The petition prays for four different kinds of relief: 1st, that the decree of 1869 be vacated and set aside; 2nd, that Frederick Hood’s letters, as executor, be revoked; 3d, that he be ordered to make discovery; and, 4th, that he be ordered to account. Each of such remedies should be separately pursued, as each is provided for and regulated by distinct provisions of the Code, and should not be blended. The blending of them causes much confusion. Still, I will entertain jurisdiction as to the revocation of the letters, but that will involve the taking of testimony. Subd. 2 of § 2685 furnishes the ground, and § 2686 points out the mode, while § 2603 declares the effect, and provides for an accounting, and § 2609 furnishes the remedy on the bond.

I think I cannot, as a distinct proceeding, compel him alone to procure a judicial settlement of his account. The executrix should be a party to that. If that remedy is desired, a new petition, prepared solely to that end, [395]*395should be presented, alleging, among other things, the minority, of the petitioner at the date of the decree of 1869, that he has now become of age, and is a legatee whose legacy was payable on his attaining lawful age, and making Mrs. Hood, the executrix, a party. If he renders his account therein, then proceedings on the bond, if necessary, could be had under § 2607. In such proceeding, he could be examined, and the “ discovery ” sought obtained.
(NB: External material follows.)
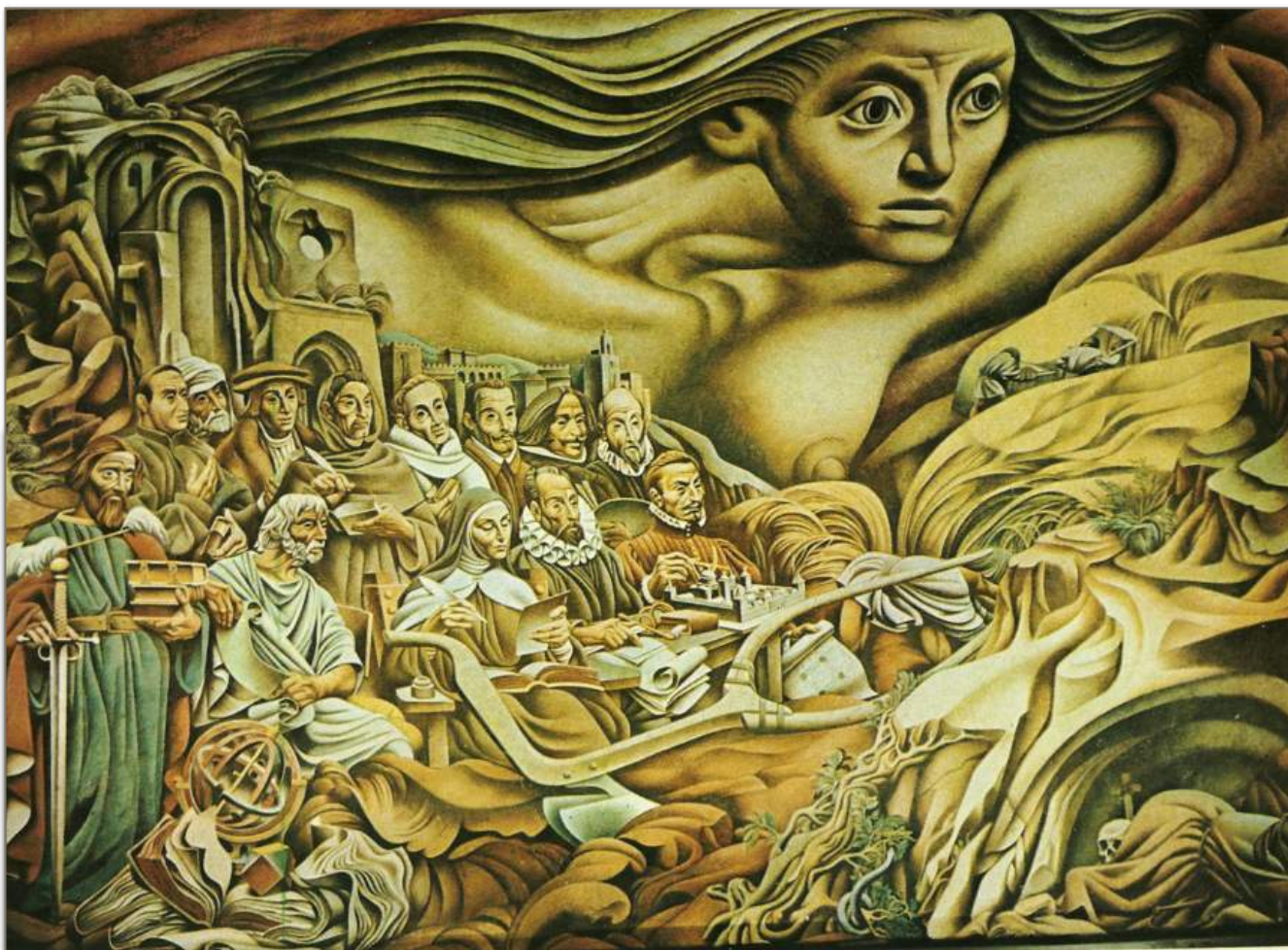
Mural de Josep Renau que lucía el Hotel Casino de la Selva, Cuernavaca, Morelos, México.

If he failed to file his account, then, under subd. 3 of § 2685, his letters could be revoked, and resort had to his bond, under § 2608.

This court has power, under subd. 6 of § 2481, to vacate or set aside a decree, but the petition contains no allegation of any reason for disturbing that of 1869, other than want of service of the citation upon the then minor. If it was just, why should it be vacated?

The case of Hood v. Hood (27 Hun, 579), affirming an order made by this court requiring F. Hood to render an account, was reversed by the Court of Appeals (90 N. Y., 512), not because the Surrogate had not jurisdiction to require an accounting, but because no new facts were alleged as having arisen since the accounting of 1869; and the court proceeds to say, “if they are liable to account as testamentary trustees, the statute provides the method of procedure in that case, but this proceeding was not' of that character.” It had, doubtless, overlooked the fact that the same court (in 85 N. Y., 561) held that the executors were not in fact trustees, but were liable to account throughout as executors, and that the Surrogate had jurisdiction to take'such account.

Now, a “new fact” has arisen since the accounting of 1869, The petitioner, who, on coming of age, was en[396]*396titled to payment of his legacy, has become of age. This is a “ new fact ” of great importance, entitling the petitioner not only to an accounting, but to any other remedy calculated to coerce payment of the legacy wrongfully withheld from him.

The matter will be retained, in order to enable counsel for the petitioner to select which of the two modes of proceeding indicated he will pursue.

Ordered accordingly.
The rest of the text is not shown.